Python 3.7 provides a high-level ``Py_Main()`` function which requires
to pass command line arguments as ``wchar_t*`` strings. It is
non-trivial to use the correct encoding to decode bytes. Python has its
own set of issues with C locale coercion and UTF-8 Mode.

This PEP adds a new ``Py_BytesMain()`` function which takes command line
arguments as bytes::

    int Py_BytesMain(int argc, char **argv)

Py_RunMain()
------------

The new ``Py_RunMain()`` function executes the command
(``PyConfig.run_command``), the script (``PyConfig.run_filename``) or
the module (``PyConfig.run_module``) specified on the command line or in
the configuration, and then finalizes Python. It returns an exit status
that can be passed to the ``exit()`` function.

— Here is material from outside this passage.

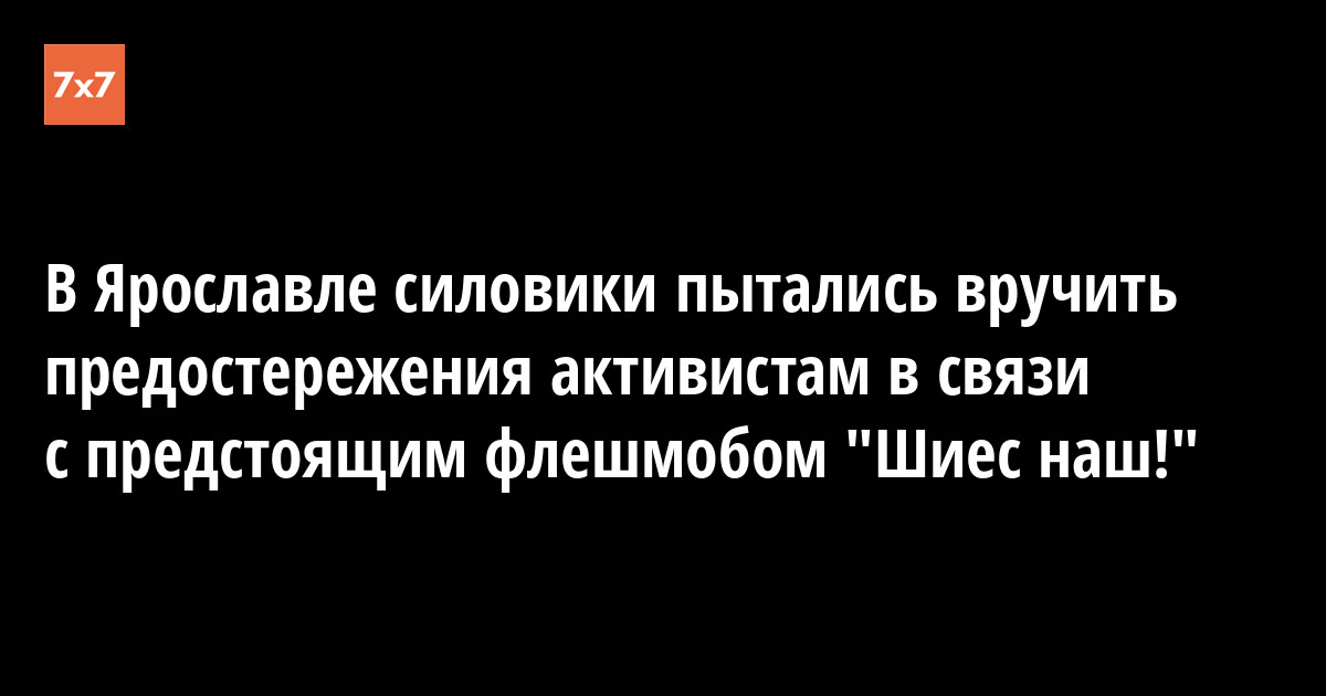 Представители Центра по противодействию экстремизму и прокуратуры приходили домой к активистам в Ярославле, чтобы вручить предостережения о недопустимости нарушений на акции, которую те запланировали провести 22 сентября в поддержку защитников Шиеса. Об этом 20 сентября рассказала «7x7» активистка Анна Головина.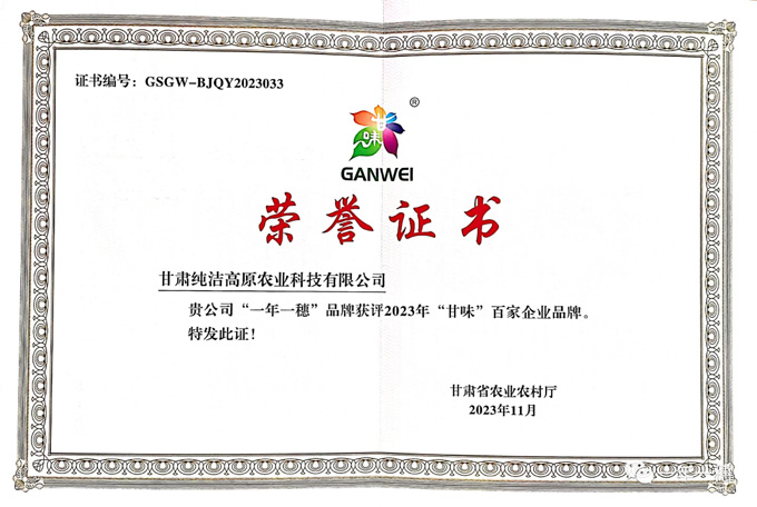 會上,省農(nóng)業(yè)農(nóng)村廳黨組成員、副廳長翟自宏發(fā)布2023“甘味”十大區(qū)域公用品牌和100家甘味企業(yè)品牌,發(fā)布2023年入選《“甘味”農(nóng)產(chǎn)品品牌目錄》的區(qū)域公用品牌、企業(yè)商標(biāo)品牌。甘肅純潔高原農(nóng)業(yè)科技有限公司“一年一穗”品牌獲2023年“甘味”百家企業(yè)品牌,并授予榮譽證書。

Example of customized Python in isolated mode::

    #include <Python.h>

    int main(int argc, char *argv[])
    {
        PyConfig config = PyConfig_INIT;
        config.isolated = 1;

        PyInitError err = Py_InitializeFromBytesArgs(&config, argc, argv);
        if (Py_INIT_FAILED(err)) {
            Py_ExitInitError(err);
        }

        /* put more configuration code here if needed */

        return Py_RunMain();
    }

The example is a basic implementation of the "System Python Executable"
discussed in PEP 432.


Memory allocations and Py_DecodeLocale()
----------------------------------------

Python memory allocation functions like ``PyMem_RawMalloc()`` must not
be used before Python pre-initialization, whereas calling directly
``malloc()`` and ``free()`` is always safe.

For ``PyPreConfig`` and constant ``PyConfig``, the caller is responsible
to manage dynamically allocated memory; constant strings and constant
string lists can be used to avoid memory allocations.

Dynamic ``PyConfig`` requires to call ``PyConfig_Clear()`` to release
memory.

``Py_DecodeLocale()`` must not be called before the pre-initialization.


Backwards Compatibility
=======================

This PEP only adds a new API: it leaves the existing API unchanged and
has no impact on the backwards compatibility.

The implementation ensures that the existing API is compatible with the
new API. For example, ``PyConfig`` uses the value of global
configuration variables as default values.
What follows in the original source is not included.